• _DESCRIPTION OF THE TASK_
In the entries that follow, the lines from the one with "72373152 alte Postkarte" through the one with "百菲酪灵山限定3.8g水牛纯牛奶200ml*10盒*3箱水牛奶早餐奶学生奶" are the ones to write out, exactly and with both ends included. Nothing else should appear.

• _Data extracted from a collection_
*** Block opens ***

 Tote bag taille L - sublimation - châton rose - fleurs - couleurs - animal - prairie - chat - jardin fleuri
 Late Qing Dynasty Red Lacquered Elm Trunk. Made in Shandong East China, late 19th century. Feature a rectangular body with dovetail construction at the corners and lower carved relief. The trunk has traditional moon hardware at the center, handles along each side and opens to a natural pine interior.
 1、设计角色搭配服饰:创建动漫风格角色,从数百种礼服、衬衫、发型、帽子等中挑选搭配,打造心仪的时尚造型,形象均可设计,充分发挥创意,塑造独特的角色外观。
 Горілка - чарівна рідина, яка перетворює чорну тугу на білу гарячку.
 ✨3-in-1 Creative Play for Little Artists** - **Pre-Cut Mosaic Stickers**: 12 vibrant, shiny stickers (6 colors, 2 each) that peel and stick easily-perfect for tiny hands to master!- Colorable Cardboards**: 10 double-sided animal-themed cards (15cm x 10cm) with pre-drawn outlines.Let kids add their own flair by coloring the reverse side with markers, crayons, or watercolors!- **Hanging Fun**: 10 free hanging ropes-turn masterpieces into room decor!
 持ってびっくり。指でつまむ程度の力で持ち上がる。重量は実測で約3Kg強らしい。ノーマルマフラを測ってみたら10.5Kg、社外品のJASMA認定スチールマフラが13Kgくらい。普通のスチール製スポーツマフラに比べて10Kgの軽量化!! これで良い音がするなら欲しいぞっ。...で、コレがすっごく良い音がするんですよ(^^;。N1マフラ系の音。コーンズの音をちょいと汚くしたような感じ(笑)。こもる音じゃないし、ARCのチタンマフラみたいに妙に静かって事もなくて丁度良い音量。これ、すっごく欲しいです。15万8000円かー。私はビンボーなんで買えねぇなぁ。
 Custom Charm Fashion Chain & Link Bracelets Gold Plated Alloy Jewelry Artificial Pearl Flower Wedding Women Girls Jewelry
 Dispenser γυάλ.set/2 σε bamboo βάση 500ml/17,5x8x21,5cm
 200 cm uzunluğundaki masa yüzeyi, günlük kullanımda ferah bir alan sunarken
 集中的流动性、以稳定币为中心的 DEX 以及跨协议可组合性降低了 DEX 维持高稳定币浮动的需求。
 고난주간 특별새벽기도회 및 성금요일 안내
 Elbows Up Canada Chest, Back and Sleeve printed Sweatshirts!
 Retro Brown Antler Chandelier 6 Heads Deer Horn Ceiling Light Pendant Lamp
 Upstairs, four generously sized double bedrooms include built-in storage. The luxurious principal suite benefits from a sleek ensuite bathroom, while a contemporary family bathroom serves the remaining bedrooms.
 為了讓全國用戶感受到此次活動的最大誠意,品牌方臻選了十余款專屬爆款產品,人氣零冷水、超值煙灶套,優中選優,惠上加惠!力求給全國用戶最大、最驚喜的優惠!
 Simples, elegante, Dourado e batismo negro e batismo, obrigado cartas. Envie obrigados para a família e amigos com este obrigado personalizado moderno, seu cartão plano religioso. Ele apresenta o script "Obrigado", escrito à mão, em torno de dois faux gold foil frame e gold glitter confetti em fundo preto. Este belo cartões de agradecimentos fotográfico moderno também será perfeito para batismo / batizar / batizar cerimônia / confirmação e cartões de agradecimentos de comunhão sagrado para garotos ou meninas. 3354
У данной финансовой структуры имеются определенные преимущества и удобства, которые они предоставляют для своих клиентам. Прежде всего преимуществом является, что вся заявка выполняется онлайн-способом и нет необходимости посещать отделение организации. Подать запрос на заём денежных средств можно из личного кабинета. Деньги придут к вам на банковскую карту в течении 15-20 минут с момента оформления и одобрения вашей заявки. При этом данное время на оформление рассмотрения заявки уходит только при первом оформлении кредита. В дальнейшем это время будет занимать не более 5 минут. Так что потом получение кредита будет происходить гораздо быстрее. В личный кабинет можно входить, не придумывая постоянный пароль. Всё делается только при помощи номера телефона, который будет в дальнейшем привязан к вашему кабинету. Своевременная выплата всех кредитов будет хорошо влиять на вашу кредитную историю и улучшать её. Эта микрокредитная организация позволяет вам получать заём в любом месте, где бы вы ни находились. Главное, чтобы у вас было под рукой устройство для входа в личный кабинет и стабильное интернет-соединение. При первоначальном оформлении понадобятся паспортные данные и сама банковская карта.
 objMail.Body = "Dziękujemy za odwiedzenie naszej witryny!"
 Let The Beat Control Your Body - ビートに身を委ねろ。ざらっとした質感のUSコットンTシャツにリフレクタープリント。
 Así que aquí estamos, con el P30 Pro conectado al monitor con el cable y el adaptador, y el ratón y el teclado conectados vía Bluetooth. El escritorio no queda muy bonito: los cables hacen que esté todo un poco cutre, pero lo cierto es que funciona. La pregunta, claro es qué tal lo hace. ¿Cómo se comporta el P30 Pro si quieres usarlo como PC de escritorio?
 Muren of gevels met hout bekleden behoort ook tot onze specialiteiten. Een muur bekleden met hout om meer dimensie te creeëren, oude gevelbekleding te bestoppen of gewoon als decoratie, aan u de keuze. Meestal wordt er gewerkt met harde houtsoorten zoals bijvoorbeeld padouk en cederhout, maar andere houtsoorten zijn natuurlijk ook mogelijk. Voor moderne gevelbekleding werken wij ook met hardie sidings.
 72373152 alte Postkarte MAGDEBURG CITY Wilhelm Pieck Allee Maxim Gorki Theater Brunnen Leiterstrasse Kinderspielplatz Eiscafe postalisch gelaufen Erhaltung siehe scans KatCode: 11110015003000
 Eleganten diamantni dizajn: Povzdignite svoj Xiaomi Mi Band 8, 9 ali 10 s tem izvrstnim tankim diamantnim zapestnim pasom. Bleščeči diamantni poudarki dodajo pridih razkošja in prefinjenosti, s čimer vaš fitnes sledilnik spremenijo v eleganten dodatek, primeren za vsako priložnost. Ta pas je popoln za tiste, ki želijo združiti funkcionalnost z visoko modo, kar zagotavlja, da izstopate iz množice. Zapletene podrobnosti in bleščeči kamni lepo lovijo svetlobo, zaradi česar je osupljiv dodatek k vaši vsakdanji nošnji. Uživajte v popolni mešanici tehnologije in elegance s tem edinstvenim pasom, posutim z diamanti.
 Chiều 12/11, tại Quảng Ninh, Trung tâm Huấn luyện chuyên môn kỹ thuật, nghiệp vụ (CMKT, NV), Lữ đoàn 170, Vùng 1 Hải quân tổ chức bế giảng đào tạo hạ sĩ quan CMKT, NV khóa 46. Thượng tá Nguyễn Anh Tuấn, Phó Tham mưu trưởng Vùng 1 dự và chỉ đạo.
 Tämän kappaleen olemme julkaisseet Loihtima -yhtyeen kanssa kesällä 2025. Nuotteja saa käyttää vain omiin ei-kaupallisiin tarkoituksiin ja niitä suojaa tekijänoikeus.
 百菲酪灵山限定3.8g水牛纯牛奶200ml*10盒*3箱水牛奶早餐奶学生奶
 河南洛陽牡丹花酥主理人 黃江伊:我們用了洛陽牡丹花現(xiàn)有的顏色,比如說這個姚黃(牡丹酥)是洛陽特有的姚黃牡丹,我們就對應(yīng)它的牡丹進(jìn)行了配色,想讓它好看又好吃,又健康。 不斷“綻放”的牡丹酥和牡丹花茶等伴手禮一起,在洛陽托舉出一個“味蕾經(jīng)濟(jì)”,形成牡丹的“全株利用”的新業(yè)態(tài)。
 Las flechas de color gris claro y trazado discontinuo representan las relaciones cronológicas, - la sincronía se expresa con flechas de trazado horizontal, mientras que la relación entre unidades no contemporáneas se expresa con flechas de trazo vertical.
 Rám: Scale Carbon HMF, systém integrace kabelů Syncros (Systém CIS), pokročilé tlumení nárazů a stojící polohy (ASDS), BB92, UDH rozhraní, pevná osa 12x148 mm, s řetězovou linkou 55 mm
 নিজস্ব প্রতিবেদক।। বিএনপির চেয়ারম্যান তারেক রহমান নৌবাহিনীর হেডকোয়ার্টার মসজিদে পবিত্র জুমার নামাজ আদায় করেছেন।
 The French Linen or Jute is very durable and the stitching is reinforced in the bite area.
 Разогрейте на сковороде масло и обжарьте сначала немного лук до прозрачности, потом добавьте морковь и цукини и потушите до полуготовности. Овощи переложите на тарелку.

*** Block closes ***

• _OUTPUT FOR THIS EXERCISE_
 72373152 alte Postkarte MAGDEBURG CITY Wilhelm Pieck Allee Maxim Gorki Theater Brunnen Leiterstrasse Kinderspielplatz Eiscafe postalisch gelaufen Erhaltung siehe scans KatCode: 11110015003000
 Eleganten diamantni dizajn: Povzdignite svoj Xiaomi Mi Band 8, 9 ali 10 s tem izvrstnim tankim diamantnim zapestnim pasom. Bleščeči diamantni poudarki dodajo pridih razkošja in prefinjenosti, s čimer vaš fitnes sledilnik spremenijo v eleganten dodatek, primeren za vsako priložnost. Ta pas je popoln za tiste, ki želijo združiti funkcionalnost z visoko modo, kar zagotavlja, da izstopate iz množice. Zapletene podrobnosti in bleščeči kamni lepo lovijo svetlobo, zaradi česar je osupljiv dodatek k vaši vsakdanji nošnji. Uživajte v popolni mešanici tehnologije in elegance s tem edinstvenim pasom, posutim z diamanti.
 Chiều 12/11, tại Quảng Ninh, Trung tâm Huấn luyện chuyên môn kỹ thuật, nghiệp vụ (CMKT, NV), Lữ đoàn 170, Vùng 1 Hải quân tổ chức bế giảng đào tạo hạ sĩ quan CMKT, NV khóa 46. Thượng tá Nguyễn Anh Tuấn, Phó Tham mưu trưởng Vùng 1 dự và chỉ đạo.
 Tämän kappaleen olemme julkaisseet Loihtima -yhtyeen kanssa kesällä 2025. Nuotteja saa käyttää vain omiin ei-kaupallisiin tarkoituksiin ja niitä suojaa tekijänoikeus.
 百菲酪灵山限定3.8g水牛纯牛奶200ml*10盒*3箱水牛奶早餐奶学生奶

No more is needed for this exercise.